Embarrassingly for the Kremlin, Russian AI Isn’t Good Enough for Its Own Disinformation

Last Friday, OpenAI, the company behind ChatGPT, revealed the first confirmed use of generative AI as a tool of Russian disinformation. The campaigns the company disclosed were not very effective, garnering merely hundreds of views and engagements across all platforms. But the most humiliating thing for Russia was not the campaigns’ lackluster returns, but the fact they were reliant on an American LLM.

The previously discovered Doppelganger targeted a wide multilingual audience with realistic clones of news websites generated using OpenAI’s models. Meanwhile, the newly discovered Bad Grammar targeted Russian speakers in the Baltics and Moldova, generating Telegram comments in English and Russian and debugging code for a bot on the platform. Both campaigns bore signs that ChatGPT was used for everything from content generation to translation to coding. 

Russia has invested heavily in its own AI chatbots which until recently outperformed competitors in the Russian language.

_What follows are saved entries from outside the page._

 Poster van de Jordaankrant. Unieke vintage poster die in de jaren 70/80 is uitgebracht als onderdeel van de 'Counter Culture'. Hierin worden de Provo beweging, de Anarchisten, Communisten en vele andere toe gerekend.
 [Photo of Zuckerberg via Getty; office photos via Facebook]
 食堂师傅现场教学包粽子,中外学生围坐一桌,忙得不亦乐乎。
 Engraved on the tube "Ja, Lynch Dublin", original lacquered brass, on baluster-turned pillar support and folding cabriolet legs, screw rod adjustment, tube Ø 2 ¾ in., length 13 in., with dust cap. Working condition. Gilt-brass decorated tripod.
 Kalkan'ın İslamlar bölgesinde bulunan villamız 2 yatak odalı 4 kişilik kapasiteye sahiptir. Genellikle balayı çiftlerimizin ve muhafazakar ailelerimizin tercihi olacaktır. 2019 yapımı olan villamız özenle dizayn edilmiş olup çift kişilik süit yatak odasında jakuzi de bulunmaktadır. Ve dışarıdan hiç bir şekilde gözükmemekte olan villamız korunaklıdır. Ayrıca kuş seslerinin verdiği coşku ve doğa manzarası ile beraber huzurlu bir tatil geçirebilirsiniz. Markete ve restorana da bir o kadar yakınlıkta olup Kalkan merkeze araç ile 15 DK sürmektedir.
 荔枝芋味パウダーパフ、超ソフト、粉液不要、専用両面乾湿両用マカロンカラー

But when Russian operatives needed high-quality Russian content for semi-official government purposes, they looked to American software to provide it. The episode reveals that despite increasingly dire talk from Russian leaders about the threats posed by foreign AI, Russia is falling ever further behind, even in its mother tongue.

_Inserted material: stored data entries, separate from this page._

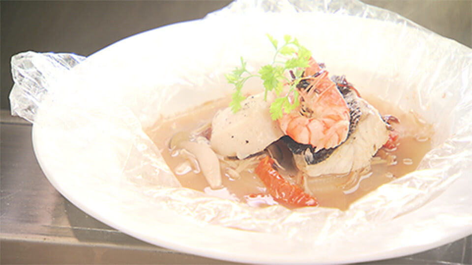 野菜と海鮮 ラッピング蒸し 2,500円 (税込、サービス料込)
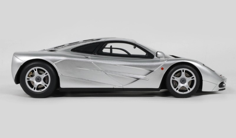 GT Spirit will offer the 1:18 resin and sealed version of the McLaren F1.  This Silver exterior will be exclusive to the Asian market.  We love GTS and their roll in the hobby, however, this cars deserves more, a full-open example. There are options available; search the news for them!
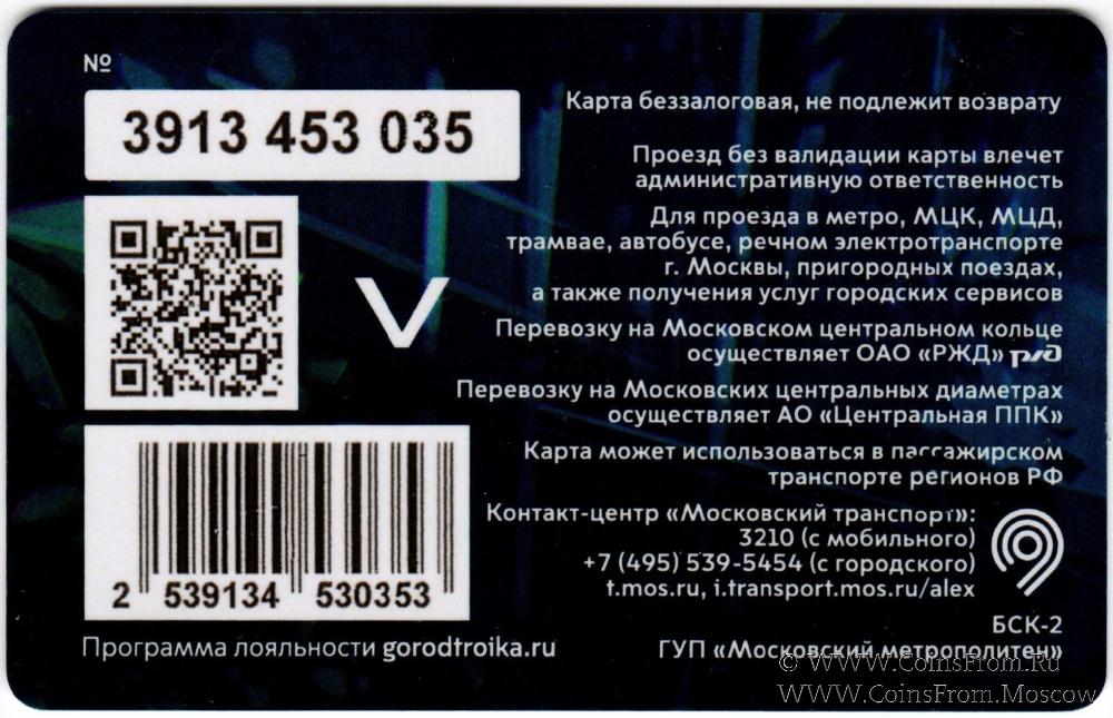 Карта сувенирная (3913) беззалоговая, не подлежит возврату. Проезд без валидации карты влечет административную ответственность. Для проезда в метро, МЦК, МЦД, монорельсе, трамвае, автобусе, речном электротранспорте г. Москвы, пригородных поездах, а также получения услуг городских сервисов.
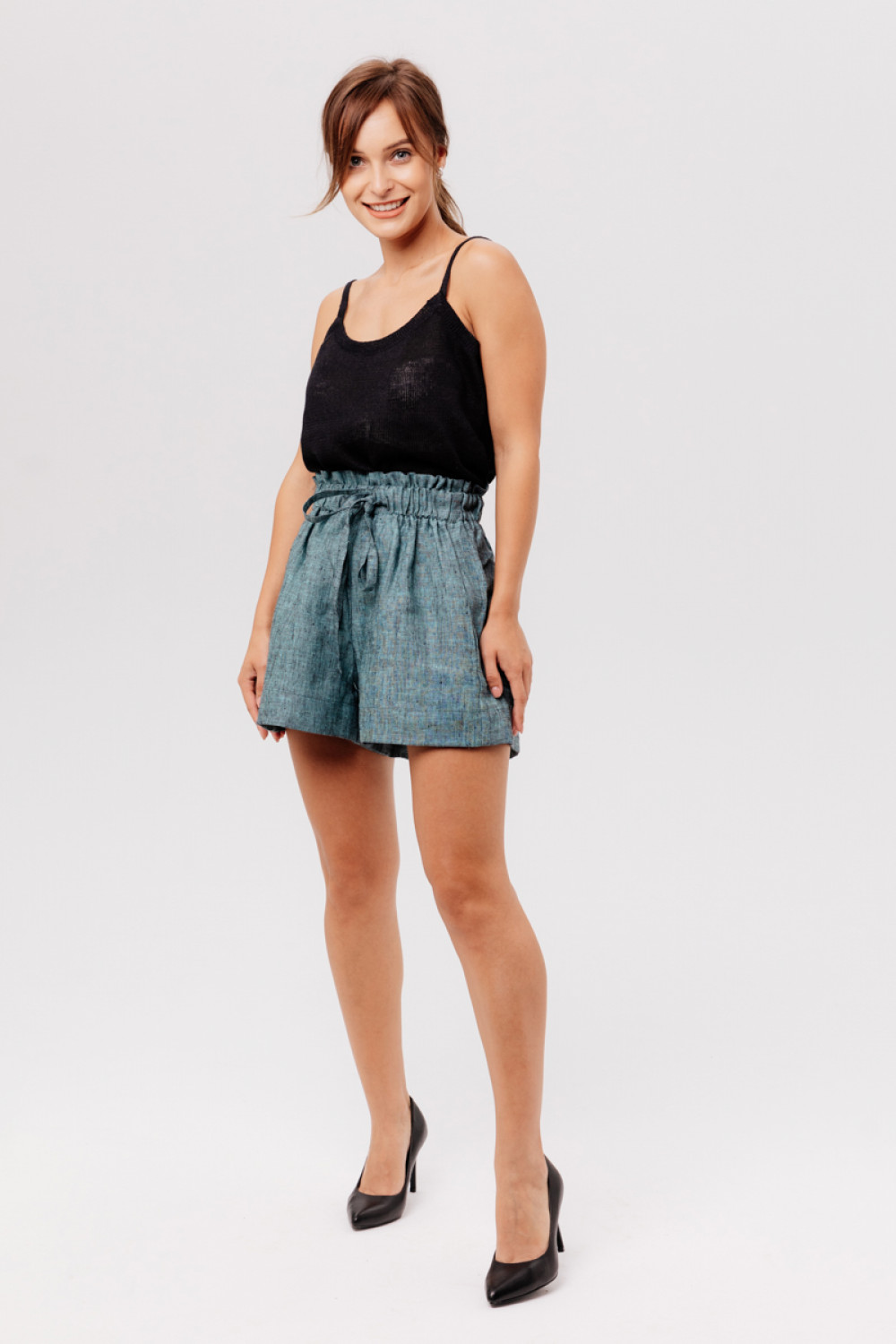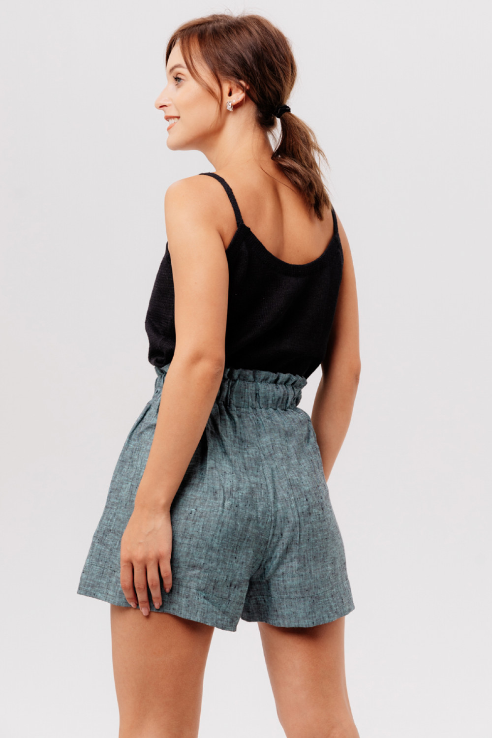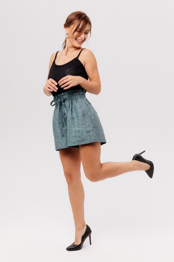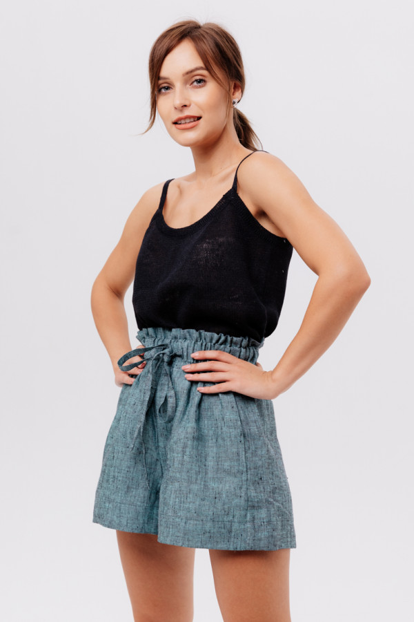 Шорты из 100% льна на высокой талии.

Russian leadership was among the first to recognize the revolutionary potential of AI. “Artificial intelligence is the future not only of Russia but of all of mankind,” Putin declared in 2017. His administration was one of the first in the world to release a comprehensive AI strategy, and the Russian government has invested tens of millions of dollars in building up its domestic industry.

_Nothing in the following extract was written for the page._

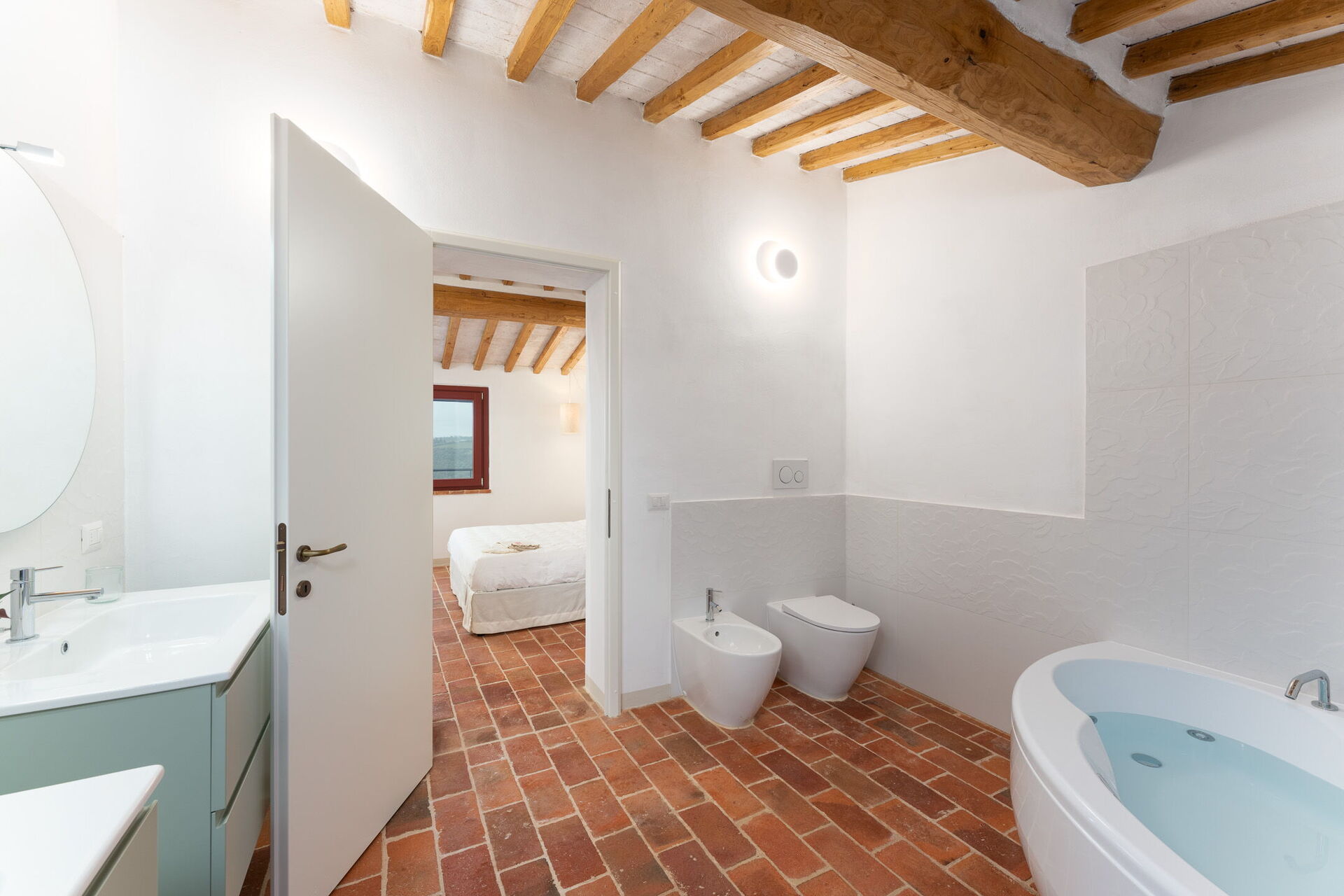Habitación con baño 1: cama doble, WIFI internet, aire acondicionado, jacuzzi, lavabo, baño, bidé, secador.

But by last year, excitement had turned to fear as American AI trounced Russian competitors like Yandex’s Alice and Sber’s GigaChat. Kremlin leadership sought to paint American AI as a threat to Russian values. Putin explained at an AI summit that Western models “reflect that part of Western ethics, those norms of behavior, public policy, to which we object.”  His Prime Minister declared Western models had “a different understanding of good and evil.”

To the Kremlin, promoting Russian AI is about more than solving intractable engineering problems, optimizing code, or creating and spreading disinformation. It is about preserving and protecting Russian culture, values, and ways of life from an onslaught of Western-biased systems. But the administration’s attempts to bolster domestic AI labs so they at least compete in their own language seems to have bore little fruit.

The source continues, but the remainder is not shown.